(Exercise objective):
Only the text of the records belongs in the answer; the pictures must be dropped.

BEGIN Information given

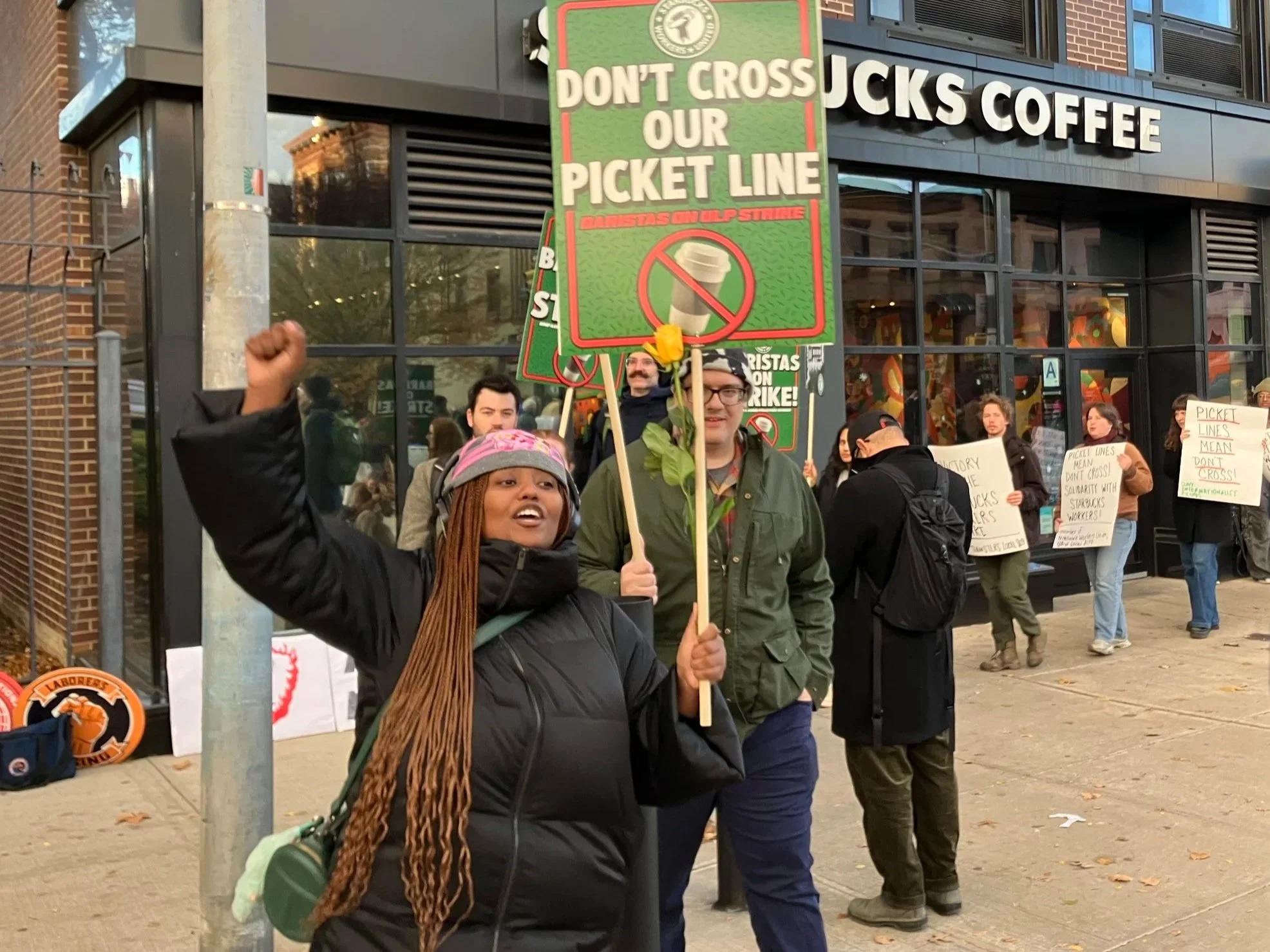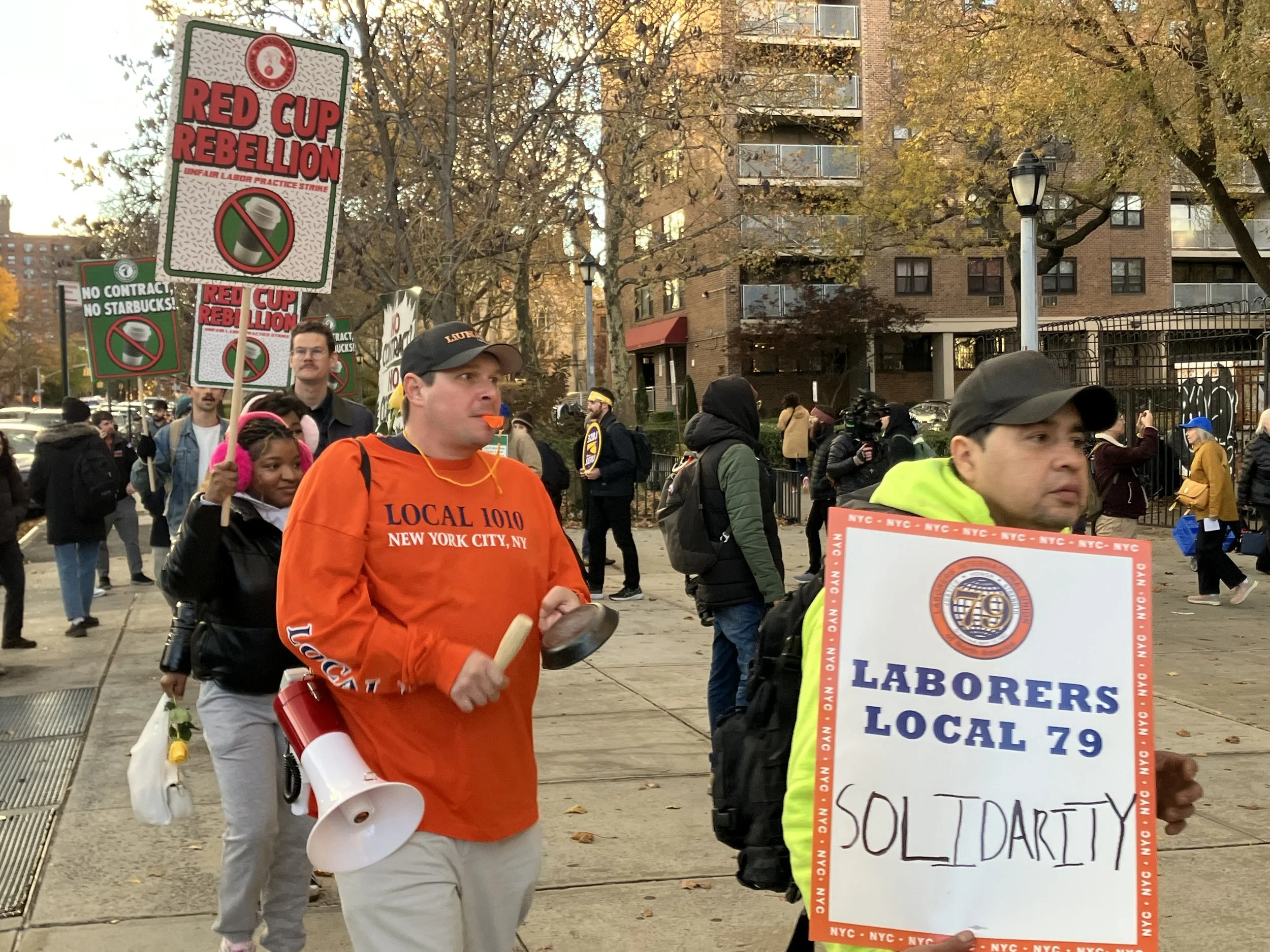 New York City trade unionists showed their solidarity with Starbucks baristas in Brooklyn last Thursday.
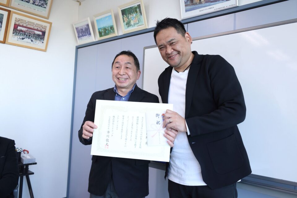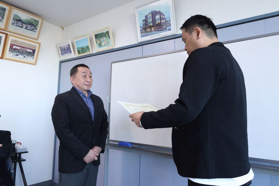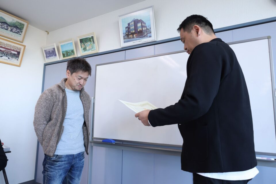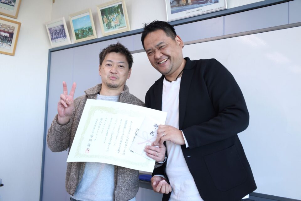 そして、今年は20年永続勤務の2名の表彰式を執り行いました。一人目は開発部次長のUさん、開発部を一緒に取りまとめてくれています。
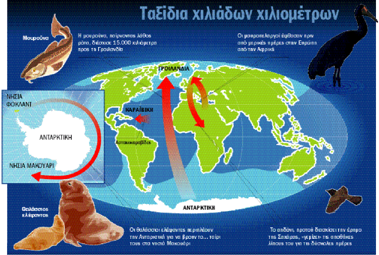 Και αν ο Μπλομπ διένυσε 8.000 χιλιόμετρα από Βορράν προς Νότο για να συναντήσει την αδελφή ψυχή του, μουρούνες (Dissostichtus eleginoides) κάλυψαν από… σφάλμα τη διπλάσια απόσταση προς την αντίθετη κατεύθυνση! Τα ψάρια αυτά, με μήκος περίπου δύο μέτρα και βάρος 70 κιλά, τα οποία εντοπίστηκαν στη θαλάσσια περιοχή ανοιχτά της Γροιλανδίας, έκαναν μάλιστα τέτοιο ρεκόρ ώστε να παρουσιασθούν σε πρόσφατο τεύχος της έγκριτης επιθεώρησης «Nature». Σύμφωνα με τους ειδικούς, πρόκειται για ένα μεγάλο κατόρθωμα. Η μουρούνα είναι ένα ψάρι που ζει συνήθως στα νερά των υπο-ανταρκτικών περιοχών. Ακολουθώντας τα ψυχρά ρεύματα μπορεί να ταξιδεύσει προς τον Βορρά και ως σήμερα τα όρια που οι επιστήμονες γνώριζαν ότι μπορεί να αγγίξει ήταν σε αντιστοιχία με την Ουρουγουάη για τον Ατλαντικό και το Εκουαδόρ για τον Ειρηνικό.
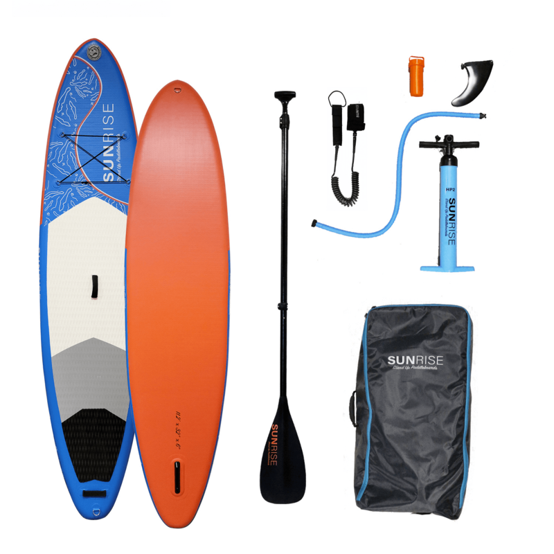 The middle size in the Sunrise Inflatable SUP line-up, the 11'2"x32" Cayman Brac is a great all-round board. Stable and maneuverable, yet still quick to glide through the water, this board is perfect for cottages and families where kids will play on the board in the morning, and you'll paddle across the lake in the afternoon.
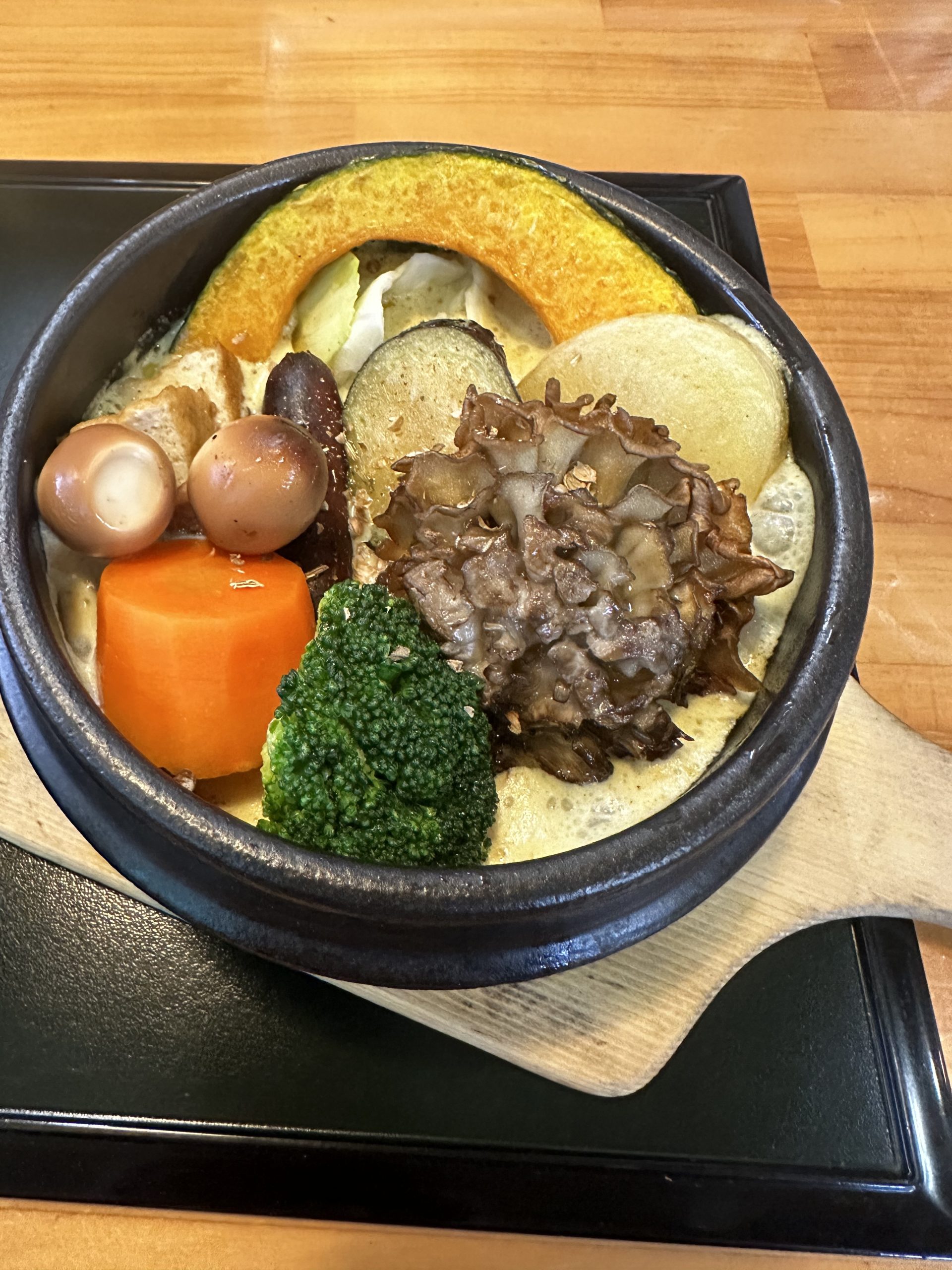 青梅でスープカレー専門店珍しい。 一部地元のものも使ってるみたい 燻製した具材があるのが珍しいかったので燻製入りメニュー注文 スープは4種類。辛さは選べず、テーブルのマサラで調整。値段は1000円以下だし結構お手頃かな。 グッグツ煮えたぎって出てくる。具の量がすごく多く食べ応えもあります。 ココナッツのスープ選んだが、すごいクリーミーで独特。燻製の香ばしく匂いと味感じられて良かった。 ライスは少し硬めで、スープと混ぜることを前提にしてるのか、混ぜて食べるとちょうどいい感じ
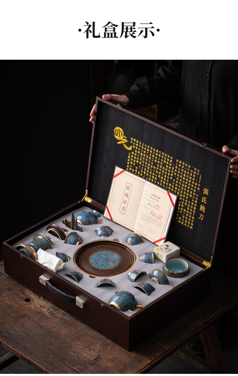 - Bộ ấm trà Kung Fu sứ Jun cao cấp ấm trà gia dụng hộp quà tặng văn phòng gốm sứ cao cấp sang trọng

END Information given

(Answer for the task):
 New York City trade unionists showed their solidarity with Starbucks baristas in Brooklyn last Thursday.
 そして、今年は20年永続勤務の2名の表彰式を執り行いました。一人目は開発部次長のUさん、開発部を一緒に取りまとめてくれています。
 Και αν ο Μπλομπ διένυσε 8.000 χιλιόμετρα από Βορράν προς Νότο για να συναντήσει την αδελφή ψυχή του, μουρούνες (Dissostichtus eleginoides) κάλυψαν από… σφάλμα τη διπλάσια απόσταση προς την αντίθετη κατεύθυνση! Τα ψάρια αυτά, με μήκος περίπου δύο μέτρα και βάρος 70 κιλά, τα οποία εντοπίστηκαν στη θαλάσσια περιοχή ανοιχτά της Γροιλανδίας, έκαναν μάλιστα τέτοιο ρεκόρ ώστε να παρουσιασθούν σε πρόσφατο τεύχος της έγκριτης επιθεώρησης «Nature». Σύμφωνα με τους ειδικούς, πρόκειται για ένα μεγάλο κατόρθωμα. Η μουρούνα είναι ένα ψάρι που ζει συνήθως στα νερά των υπο-ανταρκτικών περιοχών. Ακολουθώντας τα ψυχρά ρεύματα μπορεί να ταξιδεύσει προς τον Βορρά και ως σήμερα τα όρια που οι επιστήμονες γνώριζαν ότι μπορεί να αγγίξει ήταν σε αντιστοιχία με την Ουρουγουάη για τον Ατλαντικό και το Εκουαδόρ για τον Ειρηνικό.
 The middle size in the Sunrise Inflatable SUP line-up, the 11'2"x32" Cayman Brac is a great all-round board. Stable and maneuverable, yet still quick to glide through the water, this board is perfect for cottages and families where kids will play on the board in the morning, and you'll paddle across the lake in the afternoon.
 青梅でスープカレー専門店珍しい。 一部地元のものも使ってるみたい 燻製した具材があるのが珍しいかったので燻製入りメニュー注文 スープは4種類。辛さは選べず、テーブルのマサラで調整。値段は1000円以下だし結構お手頃かな。 グッグツ煮えたぎって出てくる。具の量がすごく多く食べ応えもあります。 ココナッツのスープ選んだが、すごいクリーミーで独特。燻製の香ばしく匂いと味感じられて良かった。 ライスは少し硬めで、スープと混ぜることを前提にしてるのか、混ぜて食べるとちょうどいい感じ
 - Bộ ấm trà Kung Fu sứ Jun cao cấp ấm trà gia dụng hộp quà tặng văn phòng gốm sứ cao cấp sang trọng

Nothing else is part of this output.